O inverno começou em 21 de junho e, este ano, as chuvas do primeiro semestre não foram suficientes para recompor o sistema de abastecimento de São Paulo. A cidade entrou na estação mais seca do ano com o Sistema Cantareira em situação delicada.

O encolhimento de uma das principais reservas de água da capital não aconteceu de uma hora para outra. A animação ao lado, feita também com imagens do satélite Landsat 7, da Nasa, ajuda a visualizar como, ano após ano, a represa de Jaguari vem diminuindo. As fotos exibidas em sequência são de 13 de junho de 2010, 18 de abril de 2013, 13 de maio de 2014 e 13 de julho de 2015. De 2003 a 2015, houve variações consideráveis no nível do Sistema Cantareira, como é possível ver no projeto Mananciais**, mas nunca a situação foi tão grave.

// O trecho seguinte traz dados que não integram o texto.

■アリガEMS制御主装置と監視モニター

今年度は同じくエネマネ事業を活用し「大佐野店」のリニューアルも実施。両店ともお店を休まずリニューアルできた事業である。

Além de não ser novidade, a diminuição do reservatório não é fato isolado na região, onde diferentes reservas e fontes de água secaram nos últimos anos. O fenômeno está ligado não só à redução do volume de chuvas, mas também ao desmatamento e ocupação irregular de áreas de mananciais.

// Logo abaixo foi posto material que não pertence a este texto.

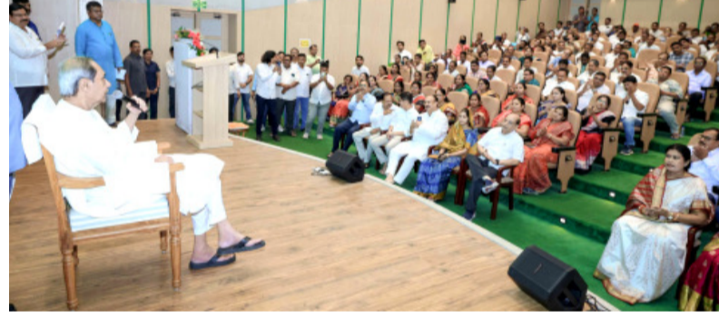
ବରଗଡ଼ ଏବଂ ବୌଦ୍ଧ ଜିଲ୍ଲାର ସାଙ୍ଗଠନିକ ବୈଠକ ଚଳୁଥିଲା ।

A crise hídrica de São Paulo e a situação do Sistema Cantareira deram forças aos argumentos utilizados por ambientalistas para pressionar o governador Geraldo Alckmin (PSDB) na discussão sobre o Projeto de Lei 219 / 2014, apelidado de Lei do Desmatamento por flexibilizar e reduzir a preservação ambiental no Estado de São Paulo. 

Lei do Desmatamento
De autoria dos deputados estaduais Barros Munhoz (PSDB), Campos Machado (PTB), Estevam Galvão (DEM), Itamar Borges (PMDB), José Bittencourt (PSD) e Roberto Morais (PPS), o projeto foi especialmente criticado por, em um momento em que a cidade vive racionamento constante de água, propor a diminuição da proteção de nascentes e olhos d’água, reduzindo a faixa de preservação permanente de 50 metros para apenas 15 metros em áreas consolidadas. O texto também permite que proprietários possam compensar o desmatamento em São Paulo com reflorestamento em outros estados.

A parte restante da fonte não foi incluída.